Re: [PATCH bpf-next v2] selftests/bpf: Fix arena_atomics selftest failure due to llvm change

[Yonghong Song <yonghong.song@linux.dev>]

On 8/5/24 9:48 PM, Jose E. Marchesi wrote:
>> On 8/5/24 10:53 AM, Alexei Starovoitov wrote:
>>> On Fri, Aug 2, 2024 at 7:59 PM Yonghong Song <yonghong.song@linux.dev> wrote:
>>>> Peilen Ye reported an issue ([1]) where for __sync_fetch_and_add(...) without
>>>> return value like
>>>>     __sync_fetch_and_add(&foo, 1);
>>>> llvm BPF backend generates locked insn e.g.

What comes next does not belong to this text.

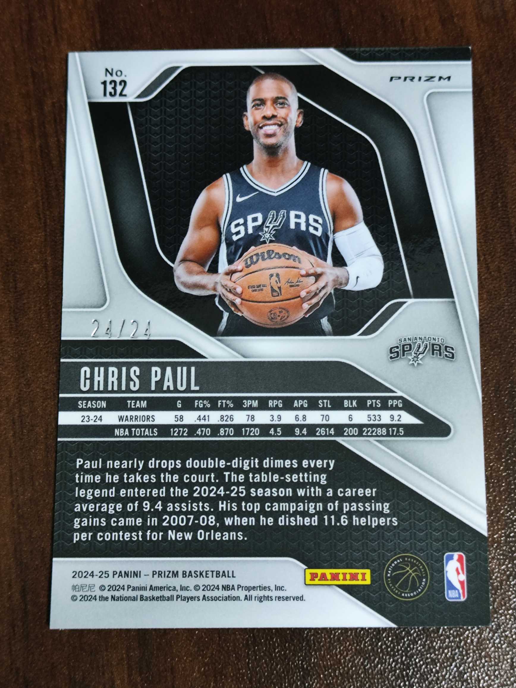 2024-25 Panini Prizm Chris Paul 克里斯 保罗 cp3 prizm 24编 24/24 尾编 金碎花 金闪光 金折 金点点 gold sparkle 篮球 NBA
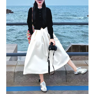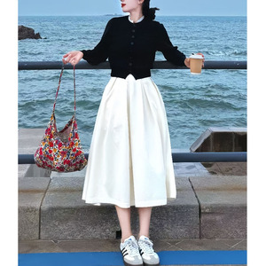 2025秋冬新款独特超好看韩系减龄撞色假两件针织衫半身裙两件套装

>>>>     lock *(u32 *)(r1 + 0) += r2
>>>>
>>>> If __sync_fetch_and_add(...) returns a value like
>>>>     res = __sync_fetch_and_add(&foo, 1);
>>>> llvm BPF backend generates like
>>>>     r2 = atomic_fetch_add((u32 *)(r1 + 0), r2)
>>>>
>>>> But 'lock *(u32 *)(r1 + 0) += r2' caused a problem in jit
>>>> since proper barrier is not inserted based on __sync_fetch_and_add() semantics.
>>>>
>>>> The above discrepancy is due to commit [2] where it tries to maintain backward
>>>> compatability since before commit [2], __sync_fetch_and_add(...) generates
>>>> lock insn in BPF backend.
>>>>
>>>> Based on discussion in [1], now it is time to fix the above discrepancy so we can
>>>> have proper barrier support in jit. llvm patch [3] made sure that __sync_fetch_and_add(...)
>>>> always generates atomic_fetch_add(...) insns. Now 'lock *(u32 *)(r1 + 0) += r2' can only
>>>> be generated by inline asm. The same for __sync_fetch_and_and(), __sync_fetch_and_or()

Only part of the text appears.